Our ability to physically act for ourselves is something that we have been trying to give to machines for a long time. Previous efforts in robotics have been successful in programing machines to perform specific tasks; however, it’s only recently that the idea of completely autonomous machines has become realizable. The most popular instance of this, of course, is the race to create self-driving cars by tech giants, automobile manufacturers, and startups alike. AI has the potential to enable machines that respond in real time and perform actions that have been previously thought to be too complex.
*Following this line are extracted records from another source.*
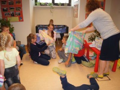 Z pościelą walczymy za każdym razem, kiedy ścielimy łóżko. Zawsze coś się przesunie, albo rogi wyjdą z poduszki albo powłoczka z kołdry się zsunie. Na zajęciach dzieci miały możliwość nauki oblekania pościeli. To naprawdę trudna sztuka ale uczestnicy warsztatów jak zwykle dali sobie radę.
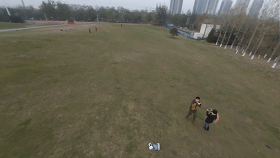 在航拍视频的最后,别忘了来一个潇洒的告别:在一个比较低的高度俯拍自己,让身边的同步一起向天空挥手,然后同时推爬升与后退的操纵杆。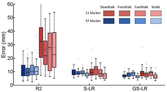 In our study, we also evaluated gaps using a smaller number of markers. Using the R2 algorithm, reconstruction of data missing resulted in mean errors more than 20 mm for all the four datasets. However, the mean reconstruction errors with the two proposed approaches provided better results, with errors less than 14 mm (Figure 4). As shown in Figure 4, our methods are robust to the reduced number of trajectories. Indeed, the improvement of S-LR and GS-LR over R2 is more important when less trajectories are available (i.e., one marker trajectory per limb, total of 11 trajectories), with mean reconstruction errors of 13.8 mm and 12.7 mm for S-LR and GS-LR, compared to 28.5 mm for R2. Thus, our numerical simulations compared with R2 algorithm showed better results regardless of the number of markers used and the type of datasets, with a reduction in mean reconstruction errors. Although in Figure 4, a visual comparison between S-LR and GS-LR methods suggests similar accuracies for all datasets, the statistical test (Table 1) indicates that GS-LR leads to smaller errors than S-LR when all marker trajectories are used (), while the difference is not statistically significant in the case of limited trajectories ( for most datasets). The results were better for the WalkL, which revealed the importance of investigating different types of walking in the solving of, as an example, the pathological gait data recovery problem. In fact, it is known that variability in gait parameters, which can be due to the type of walking (slow, fast or normal), is indicated as an important factor in fall prediction []. Accordingly, one of the most important results of this study concern the positive impact of our two proposed methods on the type of walking for various fields of application.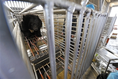 在兩名講解員的講解下,三名引流員開始演示引膽過程。工作人員先用酒精棉擦拭瘺孔,再用一根長約八厘米的中空引流針插入熊腹部位置。大約一百毫升的暗黃色熊膽汁隨即流出。整個引流過程時長不足一分鐘,其間黑熊體態平靜,一直在進食。由于熊舍內光線昏暗,并且不允許打開閃光燈拍攝,無法觀察到黑熊造瘺取膽的部位。從室外遠處看,只能辨識取膽熊腹部毛發被剔除,裸露出肉色。按照歸真堂相關規定,手術環節并不對外開放。 昨日,歸真堂開放其養熊基地,一百多名來自各地的記者受邀進入熊場,目睹“活熊取膽”全過程。這是歸真堂熊場第一個公開日,也是養熊行業首度對外開放。假山、噴泉、盆栽,以及“天人合一”的牌匾,這是福建歸真堂生物發展有限公司大門口的景象。很難將其與園中的數百頭困獸聯系起來。目前,該公司已建成生產區、放養區、繁殖區三大區域,而保健區、醫療區還在后期籌建當中。歸真堂演示的活熊取膽過程,引流取膽時長不足一分鐘。記者參觀時間約兩小時。 一些受邀人士對歸真堂開放日“態度冷淡”。著名環保人士、大自然保護協會北亞區總干事長張醒生明確表示“不會參加”,“歸真堂不和簽名者交流就直接公開邀請,除作秀外,你還想做什么?”另一位民間動物保護人士張丹告訴記者,她還在猶豫。“歸真堂開放養熊場是一次很好的機會,但僅有兩天的開放時間究竟能看到些什么呢?”她擔心的是“眼見不一定為實”。而就在昨日,AAF(亞洲動物基金)已因為參觀熊場受阻等原因,宣布停止原參觀計劃。

These three areas—perception, reasoning, and action—broadly represent the overarching goals of the AI movement and illustrate its massive potential for application and growth. It’s evident that the blanket term AI can be used across industries, technologies, and circumstances. By understanding the basic goals of this movement at a high-level, we can save ourselves from getting bogged down in the details and be better suited to make sense of the hype.